What to do: Every record that follows should be output exactly as it is given.

>>>>

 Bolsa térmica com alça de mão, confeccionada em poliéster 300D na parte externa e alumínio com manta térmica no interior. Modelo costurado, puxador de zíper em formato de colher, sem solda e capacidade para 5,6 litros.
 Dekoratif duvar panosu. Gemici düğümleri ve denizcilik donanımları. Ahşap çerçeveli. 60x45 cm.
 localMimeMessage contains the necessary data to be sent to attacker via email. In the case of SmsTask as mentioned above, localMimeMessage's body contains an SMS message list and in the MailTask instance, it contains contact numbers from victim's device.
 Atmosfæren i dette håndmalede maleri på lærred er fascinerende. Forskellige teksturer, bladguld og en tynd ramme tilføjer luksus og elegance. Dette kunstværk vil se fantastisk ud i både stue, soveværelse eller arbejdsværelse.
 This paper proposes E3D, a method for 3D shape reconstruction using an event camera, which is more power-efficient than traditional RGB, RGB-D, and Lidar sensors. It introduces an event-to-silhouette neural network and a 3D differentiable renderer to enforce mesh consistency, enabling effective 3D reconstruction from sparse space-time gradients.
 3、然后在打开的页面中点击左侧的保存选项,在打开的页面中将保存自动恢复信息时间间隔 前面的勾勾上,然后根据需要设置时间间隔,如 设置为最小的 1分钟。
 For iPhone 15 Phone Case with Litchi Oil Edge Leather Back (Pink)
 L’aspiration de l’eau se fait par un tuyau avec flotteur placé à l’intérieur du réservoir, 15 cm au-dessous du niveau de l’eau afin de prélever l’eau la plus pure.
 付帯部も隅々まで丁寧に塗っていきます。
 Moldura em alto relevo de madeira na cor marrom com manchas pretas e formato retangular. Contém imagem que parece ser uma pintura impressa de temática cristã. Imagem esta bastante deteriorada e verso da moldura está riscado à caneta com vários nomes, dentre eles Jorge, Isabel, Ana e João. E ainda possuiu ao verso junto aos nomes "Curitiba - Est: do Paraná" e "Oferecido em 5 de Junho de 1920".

<<<<

Result:
 Bolsa térmica com alça de mão, confeccionada em poliéster 300D na parte externa e alumínio com manta térmica no interior. Modelo costurado, puxador de zíper em formato de colher, sem solda e capacidade para 5,6 litros.
 Dekoratif duvar panosu. Gemici düğümleri ve denizcilik donanımları. Ahşap çerçeveli. 60x45 cm.
 localMimeMessage contains the necessary data to be sent to attacker via email. In the case of SmsTask as mentioned above, localMimeMessage's body contains an SMS message list and in the MailTask instance, it contains contact numbers from victim's device.
 Atmosfæren i dette håndmalede maleri på lærred er fascinerende. Forskellige teksturer, bladguld og en tynd ramme tilføjer luksus og elegance. Dette kunstværk vil se fantastisk ud i både stue, soveværelse eller arbejdsværelse.
 This paper proposes E3D, a method for 3D shape reconstruction using an event camera, which is more power-efficient than traditional RGB, RGB-D, and Lidar sensors. It introduces an event-to-silhouette neural network and a 3D differentiable renderer to enforce mesh consistency, enabling effective 3D reconstruction from sparse space-time gradients.
 3、然后在打开的页面中点击左侧的保存选项,在打开的页面中将保存自动恢复信息时间间隔 前面的勾勾上,然后根据需要设置时间间隔,如 设置为最小的 1分钟。
 For iPhone 15 Phone Case with Litchi Oil Edge Leather Back (Pink)
 L’aspiration de l’eau se fait par un tuyau avec flotteur placé à l’intérieur du réservoir, 15 cm au-dessous du niveau de l’eau afin de prélever l’eau la plus pure.
 付帯部も隅々まで丁寧に塗っていきます。
 Moldura em alto relevo de madeira na cor marrom com manchas pretas e formato retangular. Contém imagem que parece ser uma pintura impressa de temática cristã. Imagem esta bastante deteriorada e verso da moldura está riscado à caneta com vários nomes, dentre eles Jorge, Isabel, Ana e João. E ainda possuiu ao verso junto aos nomes "Curitiba - Est: do Paraná" e "Oferecido em 5 de Junho de 1920".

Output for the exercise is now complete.